Speaking at the time of the announcement, Governor Koster said, “With the landfills closed and the TPS3R and TPST up and running, we won’t have a problem with overcapacity landfill anymore…We will open 26 TPS3R and 15 TPST across various regions, including Denpasar, before the G-20 Conference in September.”
The landfills did close, but the implications of the reasonably sudden closures are now being felt by residents across the island. Despite assurances from local leaders last week that the issue would be seen to immediately, trash is still mounting up outside the TSPT Lumintang in Denpasar. As one of the busiest waste management facilities on the island, just a day out of action creates a serious backlog of garbage.
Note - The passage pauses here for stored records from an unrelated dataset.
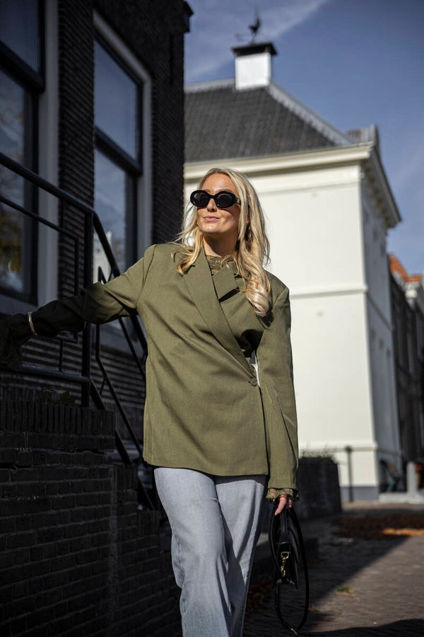 Hoe leuk is deze nieuwe oversized 'double breasted blazer'. Dankzij de langere fit kun je hem zowel als jurk dragen met een paar hoge laarzen, of combineren met een pantalon of jeans voor een stijlvolle everyday look. De blazer heeft een 'double-breasted' model met knoopsluiting, een strakke kraag en een licht getailleerde pasvorm die je silhouet mooi benadrukt.
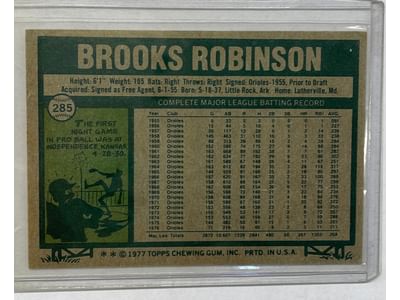 542 1 Brooks Robinson baseball card, Orioles, #285 Topps 1977
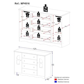 Altura: 83cm | Largura: 125cm | Profundidade: 42cm
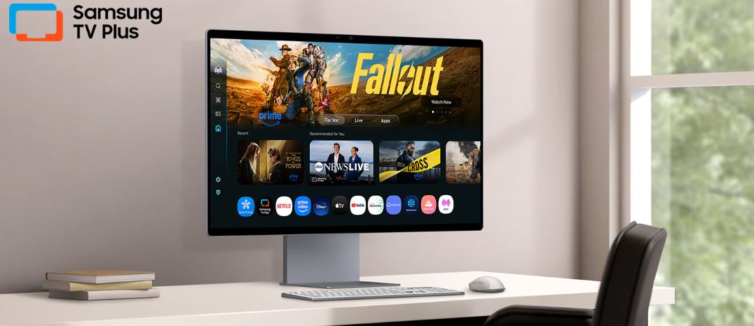 Sleduj vysílání přímo z monitoru, nebo si nalaď Samsung TV Plus a získej televizní kanály s živými přenosy a další obsah na míru.

Footage of the garbage piling up in Banjar Tern Sari in North Denpasar is hitting the headlines of Bali’s local newspapers and social media citizen journalism sites. Speaking to reporters, Denpasar City DPRD member, Anak Agung Susruta Ngurah Putra, confirmed that he had asked the local government to prioritize action over ceremony. Putra called out city government officials for formally inaugurating the TSPT Lumintang with all the fanfare that such an event entails without the facility being fully functional.
He said, “I got information on the inauguration of TPST attended by the minister [Coordinating Minister for Maritime Affairs and Investment, Luhut Binsar Pandjaitan] that they’ll solve the trash problem first. Don’t if someone comes, [only] then clean up to the toll road. First, show the proof of trash handled with TPST. If you can’t finish the trash completely, it’s embarrassing.”
The Head of UPTD Waste Management of the Bali Provincial Forestry and Environment Office, Made Armadi, issued an explanation for why the trash is not currently being processed in Denpasar. He said that the issue is partly due to heavy rains and that there are only four utility vehicles available to shift over 1200 tons of garbage a day. He also noted that the TPS3R and TPST facilities were also designed to process waste for recycling and reuse, not simply landfills. He said that communities needed to focus on waste reduction to help tackle the issue.
Armadi was unable to confirm when the queue of garbage trucks or the mounting garbage heap would end. He fears that more heavy rain will see more garbage being washed through the streets. Speaking separately on Thursday, 23rd February, the Regional Secretary of Denpasar City, Alit Wiradana, told reports the issue is being seen to. He said, “according to the Mayor’s instruction, this waste accumulation is immediately handled, and we have also instructed that all waste stations be motored, anticipated and optimized for transportation periodically so that waste does not spill and accumulate.”
He concluded, “The party hopes this handling can be completed as soon as possible. So as not to disturb the comfort of the surrounding community. To tackle this garbage problem, Denpasar City has also added heavy equipment, both by buying a new one or renting heavy equipment. So our line up [operates] day and nights dealing with the garbage that every day the volume also decreases.”